Чем ближе XX век, тем чаще и охотнее художник будет "притворяться" дикарем, ребенком, сумасшедшим, "примитивом", простаком и т. д. Его глаз перестает быть.правильным зеркалом (как известно, в эпоху Возрождения оно стало синонимом портрета), оптическая иллюзия нарушается, грозит исчезнуть, преобразиться в перевернутый мир Зазеркалья. Такой художник, предпочитающий по сути дела не быть самим собой, как бы играючи выступать в амплуа дикаря, ребенка, параноика и т. д., иначе говоря, притворяться, менять маски, "валять дурака", такой художник волей-неволей оказывается с шутовским колпаком на голове, а его искусство полнится духом - веселой, грустной или трагической - арлекинады.

Тогда герои его картин перестают вмещаться в границы характера, более того - привычного человеческого облика, выделывая на свой лад "кульбиты", откалывая "номера". Призрачный житель призрачного города у А. Белого ("Петербург") способен "пролиться" в окружающий мир, способен беседовать, засунув "голову промеж ног". А Марк Шагал очень даже просто станет изображать персонажей своих картин в такой вот неудобной позе (и даже в гораздо более неудобной вверх ногами, с отскочившей головой и т. д.).

Творя образ человека, художник теперь больше будет уповать на деталь, жест, намек, уподобление, или на то, что Лоренс Стерн в своем "Тристраме"

называет "коньком", нежели на выстраивание характера как целого. Сквозь типаж, личность, психологию он как будто прорывается к иной истине о человеке. Быть может, более широкой, вневременной, частицы которой как раз и несет в себе сквозь века - искусство мимов, гистрионов, скоморохов, арлекинов, чье веселое ремесло корнями проросло в толщу истории.

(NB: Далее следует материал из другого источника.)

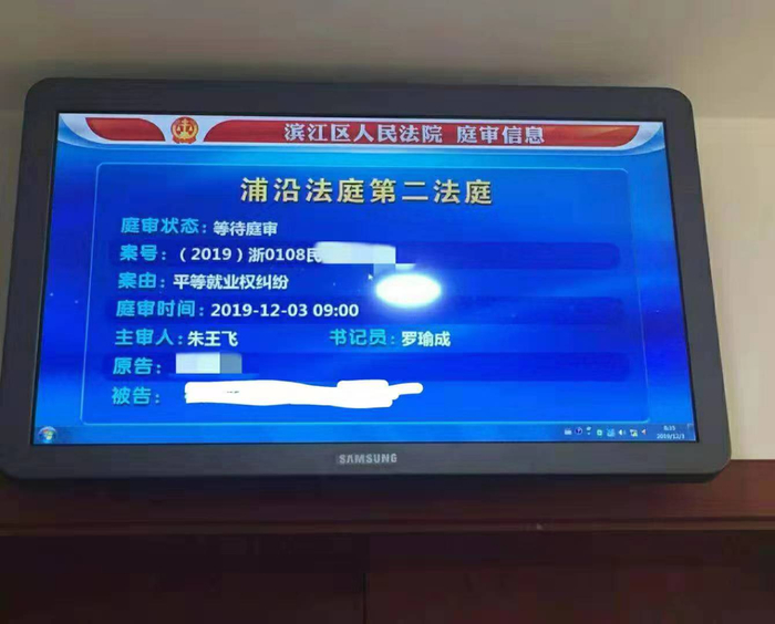 8月份,马瑶以“平等就业权纠纷”为由提起诉讼,10月法院正式受理该案件。12月3日,案子在杭州市滨江区人民法院浦沿法庭开庭,该案未当庭宣判。

Быть может, действительно арлекинада современного искусства (в ней, впрочем, немало пустого шутовства) по большому счету творится на арене мира, когда коврик бродячих актеров и в самом деле уже не коврик на пыльной мостовой, а "ковер, затерявшийся во вселенной" (Р.-М. Рильке, пятая "Дуинская элегия").

В Древней Греции путь самопознания человека еще только начинался. Живописец в конечном счете познает мир с кистью и карандашом в руке. Он познает, рисуя. Древнегреческий живописец мог изобразить гримасу ярости или боли, он мог, по свидетельству Плиния Старшего, написать краску стыда на щеках, показать жилы на ногах или руках, пот на теле (пусть так!), но жизнь души оставалась для него закрытой. Даже прославленный живописец Тиманф, победитель Паррасия, по свидетельству Плиния, скрыл фигуру отца Ифигении под покрывалом, не в силах изобразить его скорбь5. Как написать душевные свойства, когда они не имеют ни цвета, ни контура, ни пропорции? (Паррасий, по свидетельству Ксенофонта Афинского, привел эти аргументы в беседе с Сократом6.) Подвижность, изменчивость, неуловимость душевных движений - камень преткновения для древнего живописца, ведь он мыслит страсти, чувства и настроения в телесной "упаковке", как яблоко в кожуре. Свободный от канона римский портрет, при всем своем "веристском" психологизме, не слишком далеко продвинулся в постижении человеческой души. Он несет в себе страстную идею того времени, связанную с трезвой религией римлян, - идею увековечивания человека, создания его двойника. Великолепный типаж, безобманная правдивость, и при этом - застывший (на века) склад (тип) индивидуальности.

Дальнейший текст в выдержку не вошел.